Records drawn from a dataset
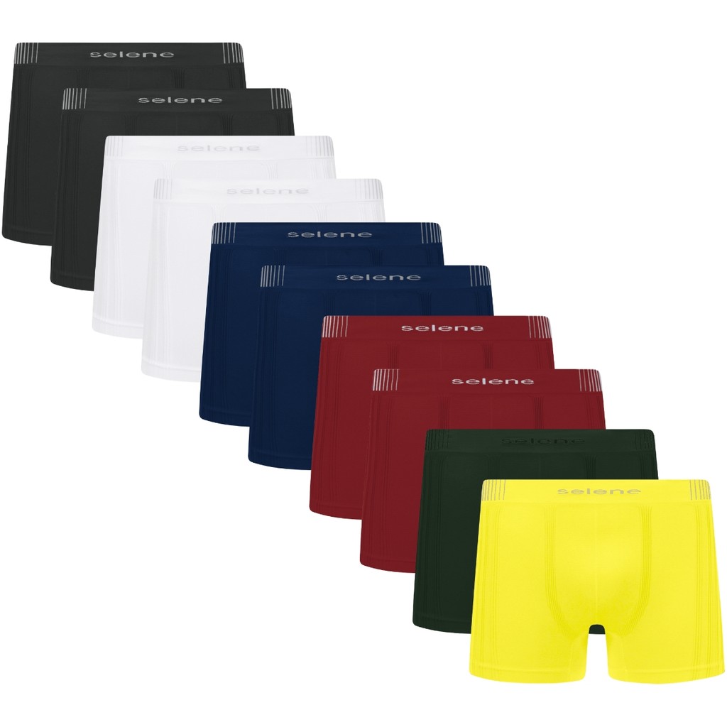 Kit com 10 Cuecas Boxer Selene Masculina Sem Costura Anatômica
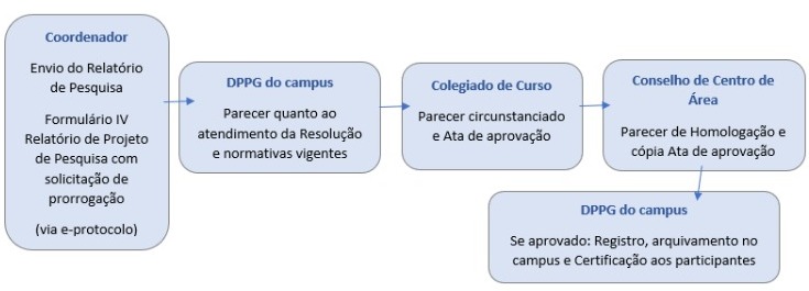 1) Para envio da solicitação de prorrogação de vigência da Pesquisa, o coordenador deve apresentar a solicitação, no formulário de Relatório de Pesquisa (Formulário IV – Relatório de Projeto de Pesquisa), indicando a solicitação de prorrogação com justificativa fundamentada;
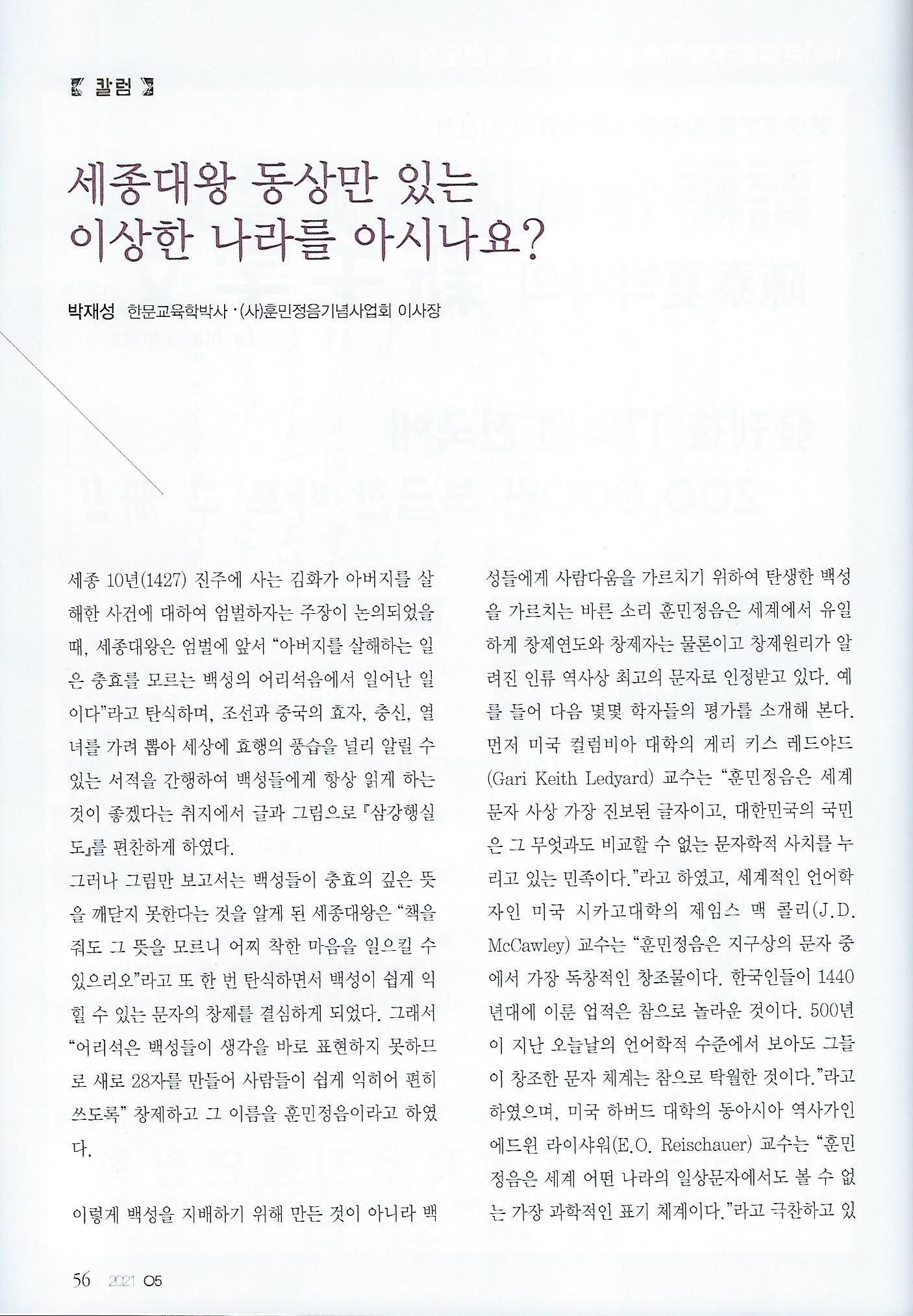 월간서예문인화-세종대왕 동상만 있는 이상한 나라
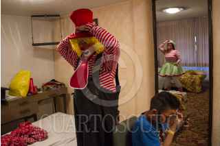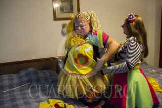 MÉXICO, D.F., 22OCTUBRE2014.- La payaso "Mechitas" procedente de Costa Rica se prepara en su habitación de hotel para acudir a la Décima Novena Convención Internacional de Payasos Latinos que tiene lugar en el Teatro de la República. FOTO: IVÁN STEPHENS /CUARTOSCURO.COM
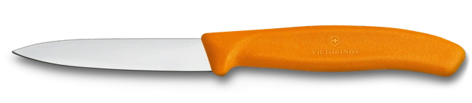 Nóż do warzyw i owoców z prostą krawędzią ostrza, wyprodukowany w Szwajcarii.

## [WHAT TO PRODUCE]
Without changing a word, retype every entry above, but drop its pictures.

## [EXERCISE OUTPUT]
 Kit com 10 Cuecas Boxer Selene Masculina Sem Costura Anatômica
 1) Para envio da solicitação de prorrogação de vigência da Pesquisa, o coordenador deve apresentar a solicitação, no formulário de Relatório de Pesquisa (Formulário IV – Relatório de Projeto de Pesquisa), indicando a solicitação de prorrogação com justificativa fundamentada;
 월간서예문인화-세종대왕 동상만 있는 이상한 나라
 MÉXICO, D.F., 22OCTUBRE2014.- La payaso "Mechitas" procedente de Costa Rica se prepara en su habitación de hotel para acudir a la Décima Novena Convención Internacional de Payasos Latinos que tiene lugar en el Teatro de la República. FOTO: IVÁN STEPHENS /CUARTOSCURO.COM
 Nóż do warzyw i owoców z prostą krawędzią ostrza, wyprodukowany w Szwajcarii.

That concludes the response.